Athena Stourna, “Researching the Table, the Kitchen and the Stage: An Autobiographical Approach”

This presentation will follow my research on food in performance in the last ten years, through an autobiographical approach. I will discuss how the scope of my research has evolved through a series of crises – personal, social, financial and sanitary, focusing on the table and the kitchen as spaces of performance.

Athena Stourna is a scenographer, theatre and performance maker and researcher. She is Assistant Professor of Space, Scenography and Performance in the Department of Performing and Digital Arts of the University of the Peloponnese. Her research and artistic practice focus on performance space and design, as well as in the relationship between food, drink and cooking with theatre and performance. She is the author of the monograph La Cuisine à la scène : boire et manger au théâtre du XXe siècle (Presses Universitaires de Rennes, 2011).

Tim Waterman, “Dining at a Distance (Post-Lockdown)”

The forms of digital and remote conviviality and commensality explored in the original paper “Dining at a Distance: Performing the Commons Across Space and Time” became urgent and necessary through the COVID lockdowns, and the software and platforms available moved swiftly during that time to meet those needs.
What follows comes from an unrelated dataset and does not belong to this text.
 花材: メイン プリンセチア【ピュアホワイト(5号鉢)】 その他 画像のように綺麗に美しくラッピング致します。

The opportunity now exists to reflect on whether the emancipatory potential and commons creation of ‘telematic dining’ and the further hybrid forms of physical and digital togetherness were in any way realised, and to see what opportunities might have been missed.
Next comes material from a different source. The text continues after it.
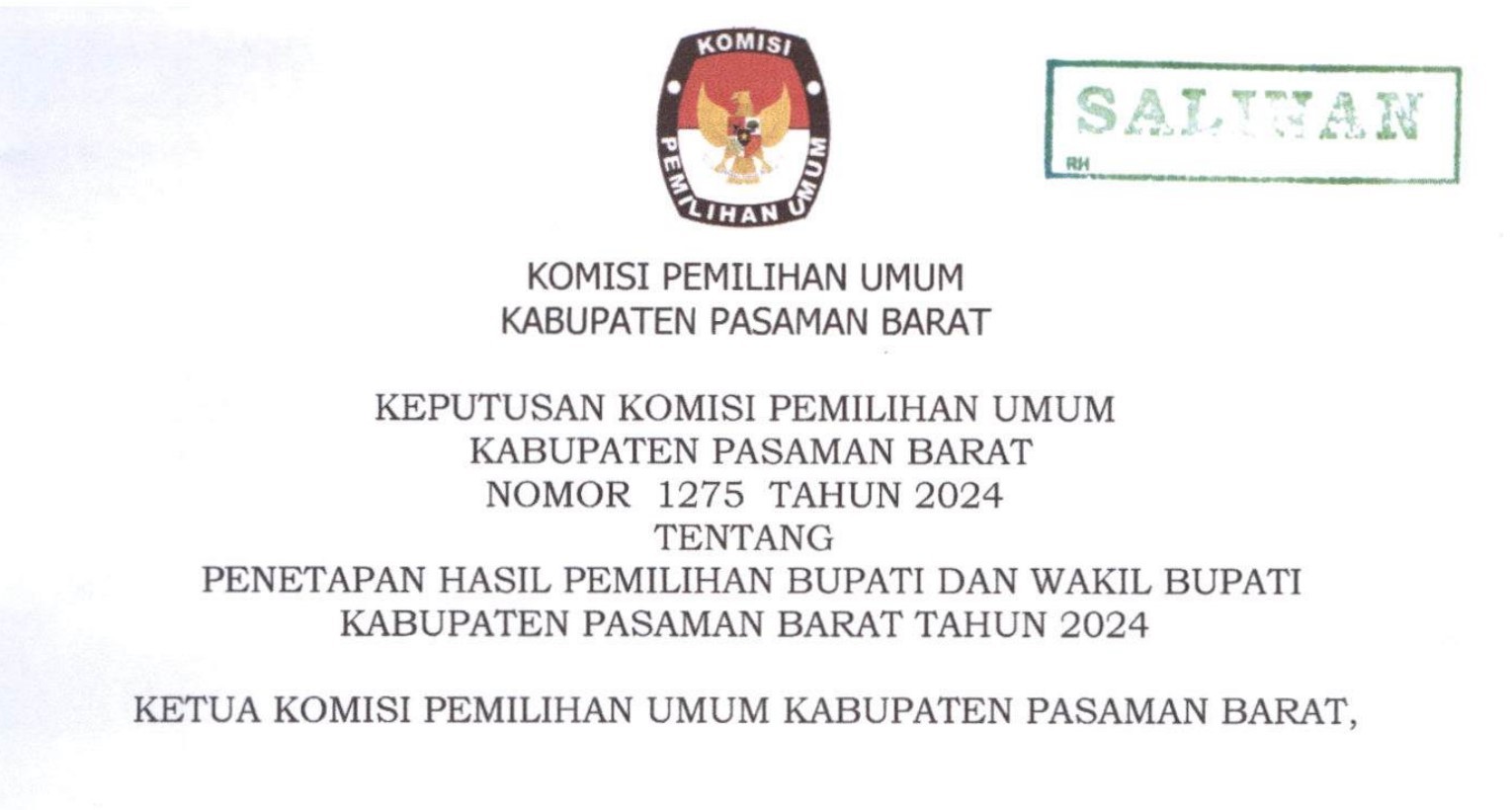 KPU PASAMAN BARAT MENETAPKAN HASIL PEMILIHAN BUPATI DAN WAKIL BUPATI KABUPATEN PASAMAN BARAT TAHUN 2024 Selasa, 03 Desember 2024 23:00 951 DOWNLOAD DISINI Bagikan: Dilihat 951 Kali.

Tim Waterman is Professor of Landscape Theory at the Bartlett School of Architecture, UCL. His research addresses imaginaries: moral, political, social, ecological, radical, and utopian. This forms the basis for explorations of power and democracy and their shaping of public space and public life, taste and manners, and foodways in community and civic life and landscape. He is the author of The Landscape of Utopia: Writings on Everyday Life, Taste, Democracy, and Design and editor of Landscape Citizenships with Ed Wall and Jane Wolff, Landscape and Agency: Critical Essays with Ed Wall, and the Routledge Handbook of Landscape and Food with Joshua Zeunert. He is at work on a tetralogy of short books in landscape philosophy, the first of which is titled Reworlding: Planetarity and Future Imaginaries.

Allen S. Weiss, “A modest proposal to eliminate culinary adjectives”

Much writing concerning food and wine is sheer nonsense. Hence this plea for precision, reflection, care – and the abolition of adjectives – in culinary discourse.

Allen S. Weiss conceived and co-edited the issue of p-e-r-f-o-r-m-a-n-c-e on gastronomy. He is the author and editor of over forty books in the fields of performance theory, landscape architecture, gastronomy, sound art and experimental theater. His books on gastronomy include Feast and Folly: Cuisine, Intoxication, and the Poetics of the Sublime;   Comment cuisiner un phénix;   Autobiographie dans un chou farci;  and Métaphysique de la miette. His most recent books are Illusory Dwellings, an essay on Kyoto culture, and Unpacking My Library, or, The Autobiography of Teddy, the tale of his beloved Teddy bear. He is Distinguished Teacher in the Tisch School of the Arts at New York University.